The paper is structured as follows: after a short introduction in Section 1, Section 2 describes the theoretical background with a review of sustainability challenges in CSC management and as a response recent works in the field of Lean Management, especially models for JIT-oriented production planning and control. Section 3 deals with the analysis of the actual situation of production planning in typical ETO construction suppliers. Section 4 explains the proposed approach for synchronization from manufacturing to on-site installation in ETO supply chains and in Section 5 the practical application and validation in an industrial case study is presented. Finally, Section 6 discusses the benefits and advantages of the proposed approach to increase sustainability in ETO supply chains based on the three key elements: economic, ecological and social sustainability.

2. Theoretical Background

In this section, first sustainability challenges in CSCs are described. As a response, approaches from Lean Management, especially JIT-based models and concepts for production planning and control in construction and especially in the ETO environment are presented.

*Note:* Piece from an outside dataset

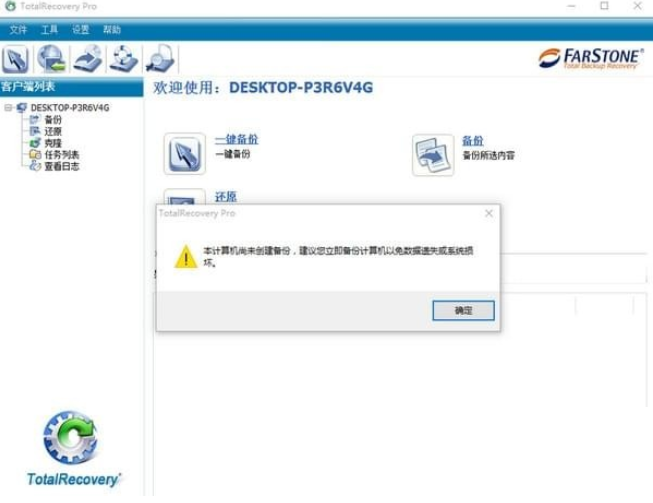 Pro软件,会弹出提示“本计算机尚未创建备份,建议您立即备份计算机以免数据遗失或系统损坏”,选择【确定】即可。
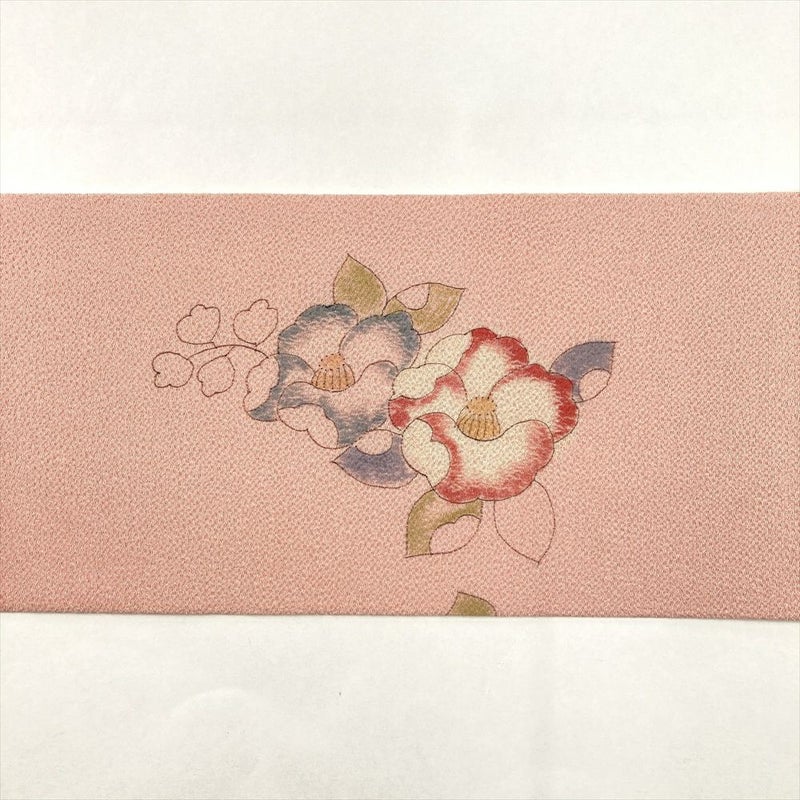 (中古)名古屋帯 ピンク カジュアル 名古屋仕立て 縮緬 染め 椿 絹

2.1. Sustainability in CSCs

Usually, CSCs are MTO supply chains, which converge all materials to the site where the building is assembled from incoming materials [11,12,13,14]. Moreover, especially in the field of individual construction where ETO products are common, CSCs can usually be considered as temporary initiatives characterized by fragmentation, instability and high inefficiency [11,14]. Therefore, SCM concepts developed and applied in other industries, like the manufacturing industry, cannot be directly applied to the construction industry [15]. As a response, Vrijhoef and Koskela presented four specific roles of SCM in construction focusing on the supply chain, the construction site, or both [14]. Here, by means of the design of new supply chain configurations, the aim is to reach a global reduction of transportation, inventory and production costs. Moreover, by means of industrialization and especially prefabrication, moving activities from an uncontrollable environment (the construction site) to a controllable environment (the fabrication shop), the aim is to achieve improvements in terms of quality, time and cost. Unlike the BTO and MTS manufacturing supply chains (see Figure 1) that have successfully developed lean and sustainable supply chain management [16,17,18,19,20], the ETO CSC is yet to realize sustainability due to many complications from the design, fabrication to installation varying in many supply chain partners. In best practice, sustainability of the supply chain is partially realized. Sustainable construction becomes a concern for many companies in the construction industry [16,17,18,19,20]. There exist guidelines for designing sustainable buildings; however, there are different interests and focuses between Europe, Asia and America, e.g., construction impact, material usage, procurement and transportation [21,22]. Davies and Davies [23] describe drivers and barriers of sustainability in construction. According to their study, typical drivers are client awareness, regulations, financial incentives or tax burdens while typical barriers are affordability, lack of client awareness as well as a lack of proven alternative technologies.
Many sustainability-related concerns are addressed in research but usually in specific activities, e.g., waste management, designing or purchasing [24,25,26]. Information Lifecycle Management (ILM) and Information Technology (IT) have been widely used to improve information sharing of ETO. However, these technologies are limited to a specific phase of the CSC [27,28,29,30]. Total supply chain information sharing and decision support tools are rather ineffective and inefficient. This results in long lead times and overall supply chain inefficiency [31,32]. A study at Kota Kinabalu by Ali et al. found that environmental and sustainability concerns will not be understood if there is lack of knowledge, tools and skills to address the various issues to support a sustainable development plan [33]. The obstacle for sustainable ETO might focus on the social aspects relating to teach sustainability in education and skilled workers to carry out the work. On the other hand, in small construction environments, the decision-making is rather focused on financial and economic perspectives. Supply chain, human resources, environment and risk management are among recent interests. However, the sustainability aspect is yet to be realized [34,35,36].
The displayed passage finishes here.